Obamacare Architect: Employer Mandate ‘Doesn’t Do Much,’ ‘Wouldn’t Care’ If It Was Eliminated

During an interview on Tuesday’s broadcast of Fox News Radio’s “Alan Colmes Show,” MIT Economics Professor and Obamacare architect Jonathan Gruber argued that the law’s employer mandate “doesn’t do much” and eliminating it wouldn’t do “a whole lot of damage,” and he “wouldn’t care one way or another.”

Gruber stated that there isn’t anything to the right of Obamacare that would work, and that getting rid of state line restrictions on insurance wouldn’t do anything. He also argued that Obamacare has “unambiguously” made the world a better place.

When asked what could be done to make the law better, Gruber responded that it was “hard to know.” Gruber continued that there was nothing President-Elect Donald Trump would do that would make the law better, but there are things that “wouldn’t make it much worse.”

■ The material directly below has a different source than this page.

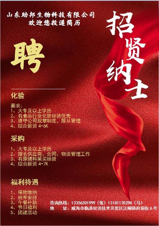 就业 5号 山东助邦生物科技有限公司招聘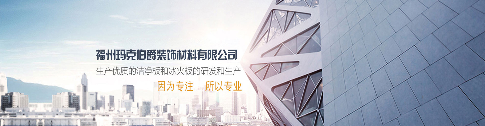 福州瑪克伯爵裝飾材料有限公司成立于2002年,是一家專業(yè)研發(fā)A級防火材料和生產內外墻可替代裝飾材料的公司,主要價格生產各類工程裝飾用品:冰火板、醫(yī)用抗菌板、保溫一體板、隧道板等,產品具有防火防水、綠色環(huán)保、無毒、無煙無排放、抗菌、A級防火等多項技術優(yōu)勢。

Gruber cited the employer mandate as something that “doesn’t do much, because it only applies to employers about 50 employees, and almost all of them offer health insurance anyway. So it doesn’t do a whole lot. He could get rid of that without doing a whole lot of damage, and that would be fine. … I wouldn’t care one way or another.”

He added that while it wouldn’t be a bad idea, it wouldn’t “kill the law” if the contraception mandate was eliminated.